The results of fig. 3 and fig. 4 show that the pathway activation degree of a single disease sample extracted by the method of the present invention can effectively reflect the difference between similar diseases, and the two similar diseases can be effectively distinguished by the pathway activation degree calculation method provided by the present invention.

Experimental results show that the method has good classification accuracy and stability.

Claims

1. A method for evaluating the activation degree of a single disease sample channel is characterized in that the activation degree of each channel comprises a continuous activation degree and a gene activation degree, and for each channel in a disease sample, the method for evaluating the activation degree comprises the following steps:

step 1, for all genes in the path, if two genes have no connecting edge, adding the connecting edge, and constructing the path into a fully-connected network;

taking a gene present in the pathway as an important gene and a gene not present in the pathway as a background gene;

in step 2, the significance of the difference values is evaluated based on the Z test:

wherein the Z value represents Δ PCC_nThe significance of (a);

in the step 3, for any gene, the formula for calculating the expression value difference multiple FC between the disease sample and n normal samples is as follows:

wherein b represents an expression value of the gene in the disease sample,

represents the mean value of the expression values of the gene in n normal samples;

step 5, according to the sequencing result, calculating the enrichment degree of important continuous edges/genes in the continuous edge/gene sequencing of the fully-connected network, and taking the enrichment degree as the activation degree of the continuous edges/genes in the corresponding channel;

in the step 5, for any one passage, the enrichment degree of the important connecting edges/genes in the connecting edge/gene ordering of the fully-connected network is calculated by the following formula:

wherein I represents the set of all important edges/genes in the fully connected network, rank_iRepresenting the sequence of the ith connecting edge/gene in the I when the I is arranged according to the ascending sequence in the step 4, wherein M represents the total number of important connecting edges/genes in the fully-connected network, and N represents the total number of background connecting edges/gene sets; the formula utilizes AUC to calculate the enrichment degree of important continuous edges/genes in the continuous edge/gene ordering of the fully-connected network from the angle of the continuous edges/genes, and the enrichment degree is used as the activation degree of a channel.

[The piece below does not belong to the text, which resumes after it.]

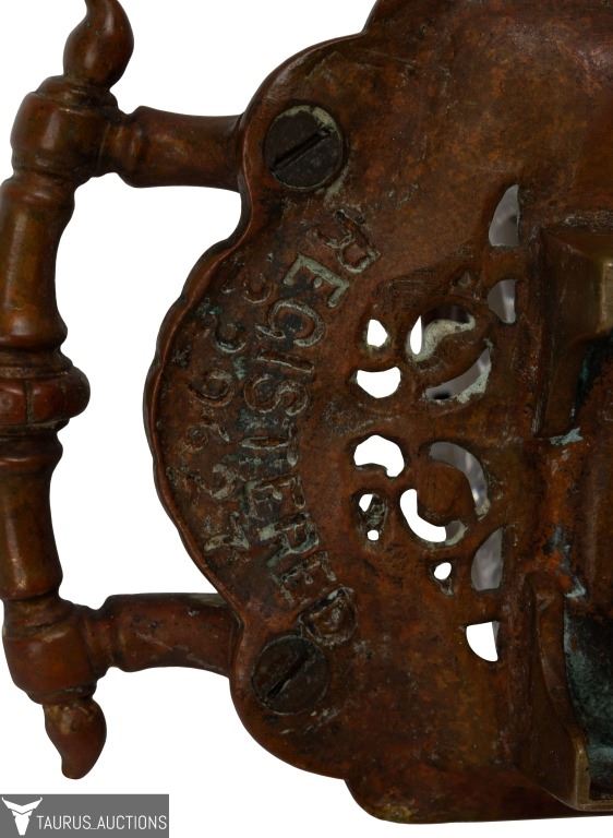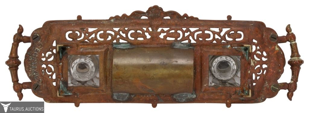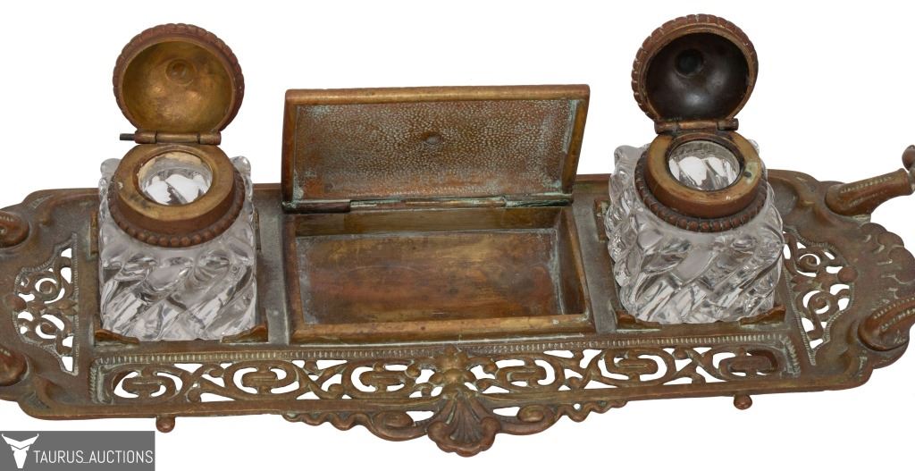 Item/Description: Antique Neoclassical Double Brass Copper Inkwell. Hinged lids with lead crystal jars. Middle section for stamps, paperclips, hinged lid. Hallmarks on base includes: Registered 229627; W.I.O.S. ( partially visible); additional numerical serial number

2. The method for assessing the degree of activation of a single disease sample pathway according to claim 1, wherein in step 2, the Pearson correlation coefficient PCC of the expression values of the two genes linked at each side in n samples is calculated_nThe formula of (1) is:

and

respectively represent x₁And x₂Standard deviation of (2).

3. A method for distinguishing between similar diseases, comprising the steps of:

firstly, calculating the channel activation degree of each disease sample according to the method for evaluating the channel activation degree of the single disease sample as claimed in claim 1, and connecting the side activation degree and the gene activation degree of all the channels of the single disease sample into a vector as a characteristic vector of the disease sample;

4. A similar disease differentiating method according to claim 3 wherein said classifier is a random forest classifier.